From: Yonghong Song <yonghong.song@linux.dev>
To: Hou Tao <houtao@huaweicloud.com>,
Alexei Starovoitov <ast@kernel.org>,
kernel test robot <oliver.sang@intel.com>
Cc: oe-lkp@lists.linux.dev, lkp@intel.com,
linux-kernel@vger.kernel.org, bpf@vger.kernel.org,
"houtao1@huawei.com" <houtao1@huawei.com>
Subject: Re: [linus:master] [bpf] c930472552: WARNING:at_kernel/bpf/memalloc.c:#bpf_mem_alloc_init
Date: Tue, 7 Nov 2023 08:04:37 -0800 [thread overview]
Message-ID: <40ba7904-ade6-4a06-bb40-26b3853d0c0b@linux.dev> (raw)

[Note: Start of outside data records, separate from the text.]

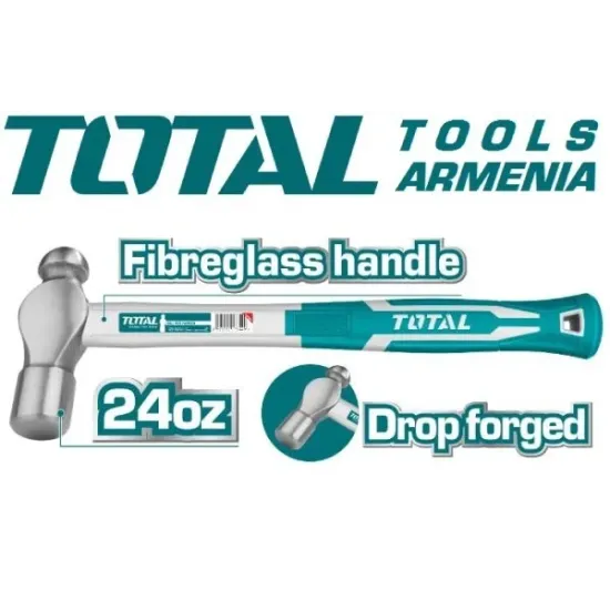 Գնդիկավոր մուրճ 660գ TOTAL THT74246- ը հարվածային գործիք է, որն օգտագործվում է ատաղձագործական արհեստանոցներում և տնային պայմաններում աշխատելու համար : Այն ամուր է, քանի որ գլուխը պատրաստված է կարծրացված պողպատից : Ապակեթելքը օգտագործվում է որպես բռնակի նյութ,որը նպաստելով հարմարավետ բռնելուն՝ կանխում է ձեռքից սայթաքումը , մեղմացնելով հարվածները :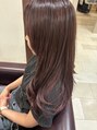 毛先は以前のブリーチが残っているのでグラデーションで、より透け感のあるピンクベージュに仕上がりました。顔周りレイヤー。イルミナカラーの暖色系で艶感のあるカラーに。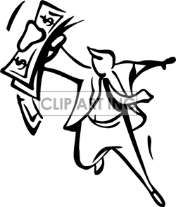 Money bills clipart black and white: black and white man holding
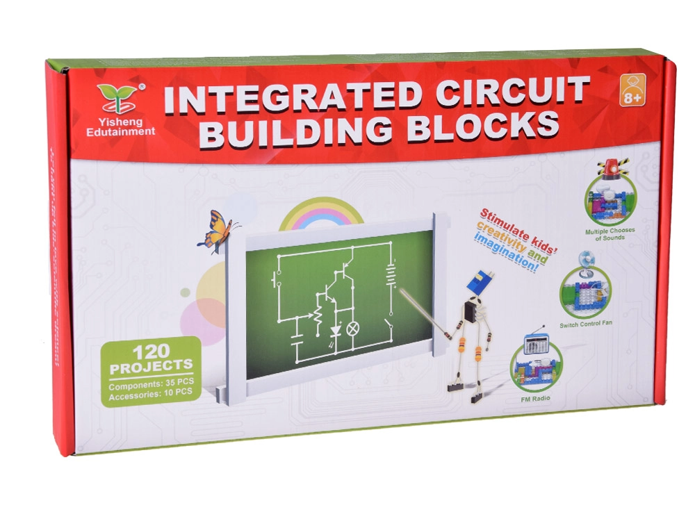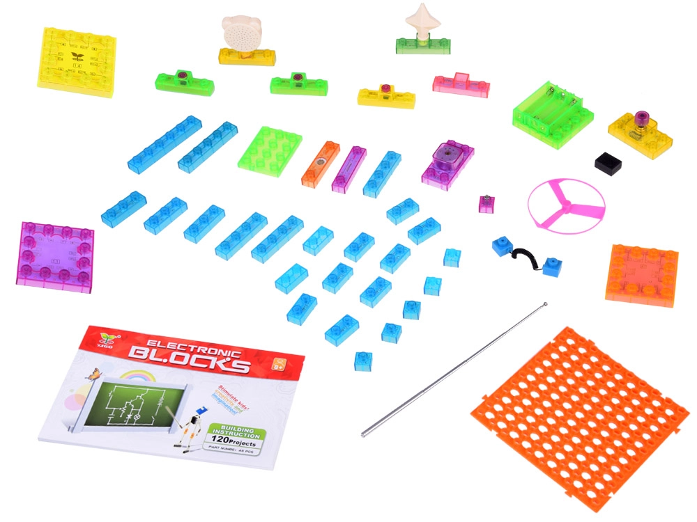 Открийте забавния път към света на електрониката с този образователен комплект за деца от 8 години. Сглобете до 120 проекта от цветни модули върху базова платка и разберете как работи електрическата схема. Включени са компоненти като LED диоди, мотор с перка, говорител, превключватели и свързващи елементи – всичко проектирано за безопасно и учене чрез игра.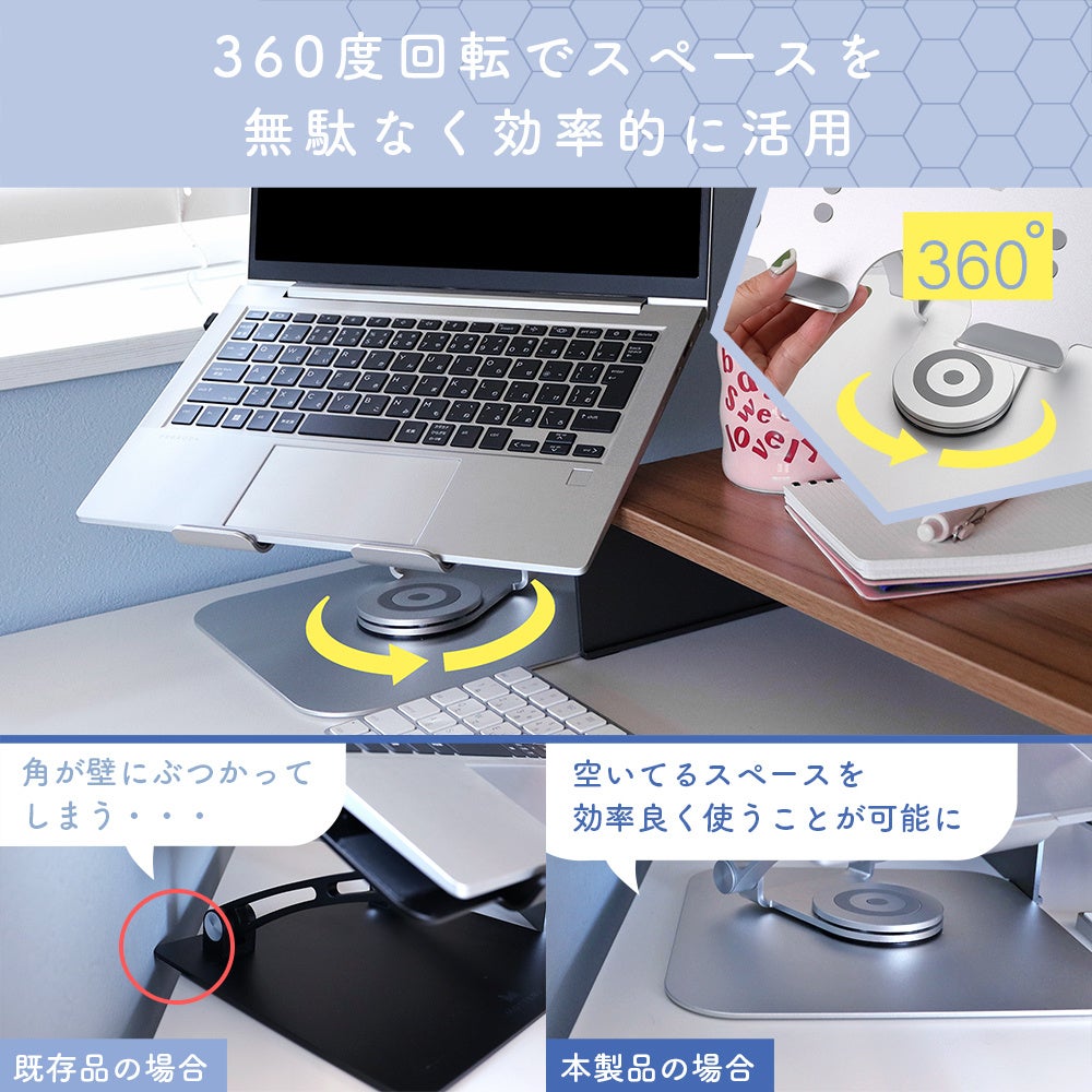 肩や背中への負担を軽減 360度回転ノートPCスタンド (MOT-PCSTD08) |

In-Reply-To: <f413cce7-db58-fd5c-63b9-5dfc5876c1aa@huaweicloud.com>
On 11/7/23 2:43 AM, Hou Tao wrote:
> Hi,
>
> On 11/4/2023 12:49 AM, Yonghong Song wrote:
>> On 11/2/23 11:54 PM, Hou Tao wrote:
>>> Hi,
>>>
>>> On 11/3/2023 12:08 AM, Yonghong Song wrote:
>>>> On 11/2/23 6:40 AM, Hou Tao wrote:
>>>>> Hi Alexei,
>>>>>
>>>>> On 10/31/2023 4:01 PM, Hou Tao wrote:
>>>>>> Hi,
>>>>>>
>>>>>> On 10/30/2023 10:11 PM, kernel test robot wrote:
>>>>>>> hi, Hou Tao,
>>>>>>>
>>>>>>> we noticed a WARN_ONCE added in this commit was hit in our tests.
>>>>>>> FYI.
>>>>>>>
>>>>>>>
> SNIP
>>>>> I see what has happened. The problem is twofold:
>>>>> (1) The object_size of kmalloc-cg-96 is adjust from 96 to 128 due to
>>>>> slab merge in __kmem_cache_alias(). For SLAB, SLAB_HWCACHE_ALIGN is
>>>>> enabled by default for kmalloc slab, so align is 64 and size is 128
>>>>> for
>>>>> kmalloc-cg-96. So when unit_alloc() does kmalloc_node(96,
>>>>> __GFP_ACCOUNT,
>>>>> node), ksize() will return 128 instead of 96 for the returned pointer.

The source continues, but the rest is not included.